Пробуждение застало в обшлагах, свешивающихся с деревьев во двор Боткинской больницы, с обветренными штанами и тапочками-самоходами – улаживались последние формальности – стиралась помада и чернила с паспортов. Пошли между корпусами, омываемые и осмеиваемые блеклым солнцем, – ожидая застать живыми, с полоумными оркестрантами и летящим пухом, – дернули коричневую дверь, дернули кориандровую доску, ломая рояль гвоздодером. Глухи были двери, а хвост белесой пыли, по которой были уже по колено, уводил дальше и дальше – пока не оказались у шестигранного корпуса. Но и там никто не ждал, никто не встречал. Один из них зашел в этот куб – чтобы согласовать все детали. Другой остался ждать и двинулся бродить в одиночестве. Скука качалась на лице, как маятник, – поводя глазами – у встреченных, также отсутствующих. Вместо маятника было булькание надутых губ, недопроглоченные и застрявшие зевки – но пока солнечное пятно в прямоугольнике солнц сдерживало эти обломанные инвалидные статуи от полнейшего кишения, разложения и кромсания – хотя уже ничто не напоминало ни о космах, ни о мясе. Вместо них была бледная молочная река лиц, с втертым маслицем, с засохшими листьями кистей рук, с зонтичными разводами богомольных зрачков, инкрустированных радужными обоями облазившей кожи. Так он добрел до Лазарета слабовидящих. Побеленные стены с темно-зелеными буквами мхов шептали прогорклой землей – и высушивали мизинчик детской руки – и потом уже бинтовали головы желтой мазью – йодоформом – и дышали морфином – из этого своего пальца вытаскивать пытался занозу – вытащил. Вышла обломанная у горлышка игла – и по пашне брюшины ползли и выгорели цветастые кишки – кошками рыжими убегали в кусты – и оттуда неслись в стоптанном войлоке одноногие валенки красных солдат, коротавших линялую гимнастерку, – ломились они опиюшными зрачками, таращась на бревна, что плыли от одного толкания дружно по речке Куку – раздаваясь от кровли, обдристанной сумерками, – нахально краснея и пуча штаны – так дружно солдаты ломили свой мост до самого обрушения и также начинали румяную сатурналию – в драках. И набекрень голова под плечами выгуливала обвалившийся из петлицы блевотный цветок, обжимая солдаток же здесь краснолицых и блядских, и потому покачивающих венец головы, – те ничком упавшие пионы, люпины, тюльпаны с зубастыми – сильнее чем натянутую нить, дудку зрачка огодовавевшую, – да такие цветы зас(цв)ели на бинтах сквозь виски.

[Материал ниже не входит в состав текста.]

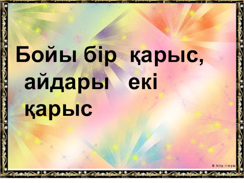 Слайд 37Бойы бір қарыс, айдары екі қарыс

Рассеянно глядя в книжку с перловым отливом страниц, он всунул чей-то вырванный глаз в ноздрю, как ребенок горошину, и стал смотреть им в зеркало, забрасывая по-кошачьи лапку туда, – за зеркалом не было никого. Оно само зашелушилось, и по нему, как по гладкой крыше, покатились сосульки с ресничек насекомовидных сомиков. Красные маки на чашках в свернутой узлом скатерти прожигали утюгами клеенки. Он сказал пассажиру: другой машины нет – иди на хуй, и побежал, планируя руками к последней уходящей электричке, в которой уже ездили пьяными. Ураган раскачивал вывески на Таганской, в пруду плавали тряпки. Он оголил пузо до трусов и рассказывал приготовившей снедь хозяйке, что кончит ей на снедь. Из кармана выпала банковская карта, волшебная карточка, облизанная и прилипавшая к языку всех крупных рекламщиков и фотомодельеров этого мира. Ты помнишь меня? – сказал он одному. – Я был на твоем концерте – мы пролезли в кинотеатр и купили майки с мешками на головах. Мы стояли стеной и ломились туда, пока всех не запустили. Тот поморщился и сказал: уведите его, – и охрана выбросила его с чемоданчиком за руки за спиной в ночь. Друг, кричавший на весь зал для скандала «Россия для русских» и тоже избитый, прошествовал мимо ширм с изображением Пери Бану для показа детских утренних пьесок. С ними увязался еще нарывистый толстый битюг, который был недоделком-программером, и нарывался, крича, что ебал всех и ее в анус – позволила сквозь простыню. Он лежал уже ничком с переломанными и вдавленными в глаз переносицами, и пассажир очнулся лишь колотящим его по лицу, сидя и дубася стокилограммовыми ударами. Потом слез и поплелся в улицу из тех, про которые говорят, что они стоят черной тенью на портретах в рамке, траурной рамке тоски, изводящей, парализующей, как целлофановая обертка, стрекательной, как «стрепсилс» – в которые никогда не зайдешь. Он шел с портфельчиком в эту улицу, продираясь сквозь целлофановый воздух. Очнулся на другом берегу Яузы без волшебной карточки, без глаз, без ногтей, смешанных с землей и стеклом. Он высадил дверь, где дрались и еблись, ходил босым по стеклам – челюсть висела на плече – мертвый баран с его челюстью вонял под кустом на три километра, вокруг ходил медведь, который хотел свежей трупятины, а заяц с предсмертной судорогой рассек живот отца так, что повылазили кишки.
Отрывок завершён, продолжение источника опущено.